Abstract
The complete mitochondrial genome of the Oriental reed warbler, Acrocephalus orientalis, which belongs to the family Sylviidae was determined. The complete mitochondrial genome has a length of 16,971 bp and consists of 13 protein-coding genes, 22 tRNA genes, 2 rRNA genes, and a control region. A. orientalis has a mitochondrial gene arrangement that is typical of vertebrates. Phylogenetic analysis using mitochondrial genomes of 11 related species revealed that A. orientalis is clustered with Acrocephalus scirpaceus and rooted with the other Sylviidae species. This mitochondrial genome provides an important resource for addressing taxonomic issues and studying molecular evolution.

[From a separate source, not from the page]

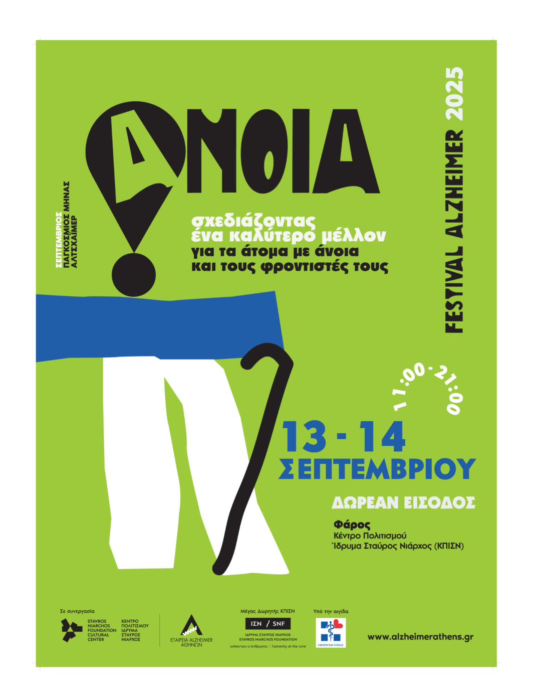 Από τις 11.00 έως τις 21.00, στον Φάρο του ΚΠΙΣΝ και με ελεύθερη είσοδο για όλες και όλους, το Alzheimer Festival 2025 περιλαμβάνει σειρά επιστημονικών ομιλιών, διαδραστικών εκδηλώσεων αλλά και δράσεων συνηγορίας και διεκδίκησης, με σκοπό την ουσιαστική στήριξη της κοινότητας της άνοιας, καθώς και την ενημέρωση και εγρήγορση του κοινού για τη νόσο Alzheimer.
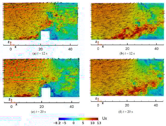 In subfigures (a) and (e) the white box instances the presence of a 6 m cubic building. Subfigures (b) and (f) show the fire passing by the building 9 m distance from its center. I.e., 6 m from the side [] (p. 9). Colorbar represents velocity in m/s along x axis.

The Oriental reed warbler, Acrocephalus orientalis (Passeriformes: Sylviidae), is a relatively large-bodied (18–20 cm in length) migratory bird native to East and Southeast Asia. This species occupies a unique ecological niche resulting from their long-range migration between breeding (China, Korea, and Japan) and winter habitats (Southeast Asia to Philippines and Indonesia). These traits also make them particularly vulnerable to habitat destruction and the effects of climate change. In this study, we determined the complete mitochondrial DNA sequence of A. orientalis and compared the sequence with those of other species of Sylviidae to analyze the phylogenetic relationship between them.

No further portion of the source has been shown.